Fortunately, the repair proved less difficult than I'd feared. I jacked the roof up to its original position and anchored steel rods to bedrock at the base of the pedestal. Then I cast a 12" X 12" concrete beam with eight 3/4-inch rebars on top of the pedestal and anchored it to the roof so that it would take the whole weight when the jacks were removed.

The roof once more securely overhead, the stone masons came back and finished their job. Falsework was hurriedly torn down, and Julie and I became the first immigrants to this new world on September 1, 1969.

Of course, because of the lost time, there were no kitchen cabinets, no finished flooring, no furnace and no walls or closets for the bedroom. The only finished room in the house was the bathroom-a concession to Julie. I had managed to get the curved ceiling and the inside walls plastered, but that was it. We lived out of cardboard boxes for three months while I finished the house. My days were filled with laying tile, suspending the fireplace, installing cabinets and adding the innumerable finishing touches that magically make a house into a home.

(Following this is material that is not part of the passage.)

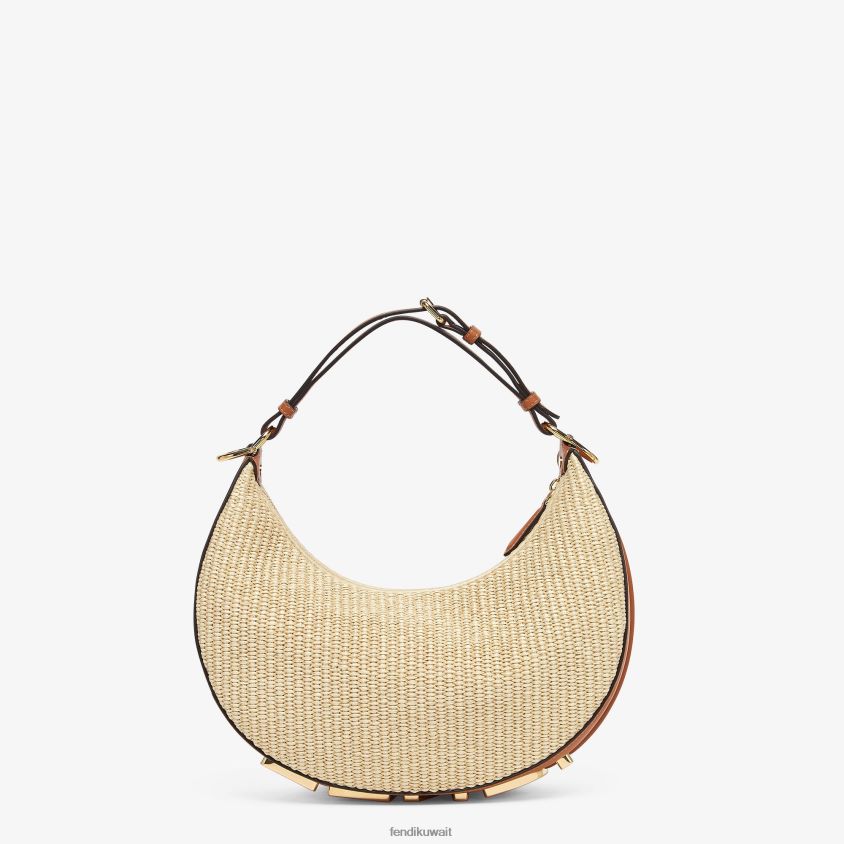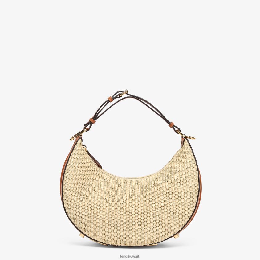 حقيبة هوبو صغيرة مصنوعة من القش ذو اللون الطبيعي في نسيج مزخرف بخياطة الطحلب، مع خلفية وتفاصيل من الجلد البني. مع حروف فندي معدنية ذهبية عتيقة يمكن رؤيتها عند ارتداء الحقيبة تحت الذراع.

But, even after it was finished, the hyperbolic paraboloid had another lesson to teach us.

The next spring, on the first really warm day of the year, I was in town on business when I received a panic call from Julie by radio-telephone. "The fireplace chimney is breaking! It's making terrible sounds. I think it's going to fall down. What shall I do?"

"Get out of the house!" I shouted. "I'll be there as soon as possible." The vision of the 750-pound, bell-shaped chimney crashing to the floor caused me to finish my business in minutes, but by the time I arrived home the day had cooled down and so had Julie. There were no "terrible sounds" coming from the chimney, and a quick tour of inspection showed nothing amiss.

The next day dawned bright and clear. The morning sun soon had the house up to 80°F in a demonstration of solar heat. I was standing on top of the stepladder, checking the chimney where it was suspended from the roof, when suddenly there was a loud report, like a pistol shot. It startled me, and I almost fell off the ladder. The shot was followed by another, then another. Unable to locate the source of these noises, I timidly climbed down the ladder, not knowing whether to run, jump or hide. Julie was out on the patio, shouting at me through the screen door to get out of the house, which was starting to sound like a shooting gallery in a penny arcade. Little puffs of white powder drifted down from the ceiling-and that was the first clue.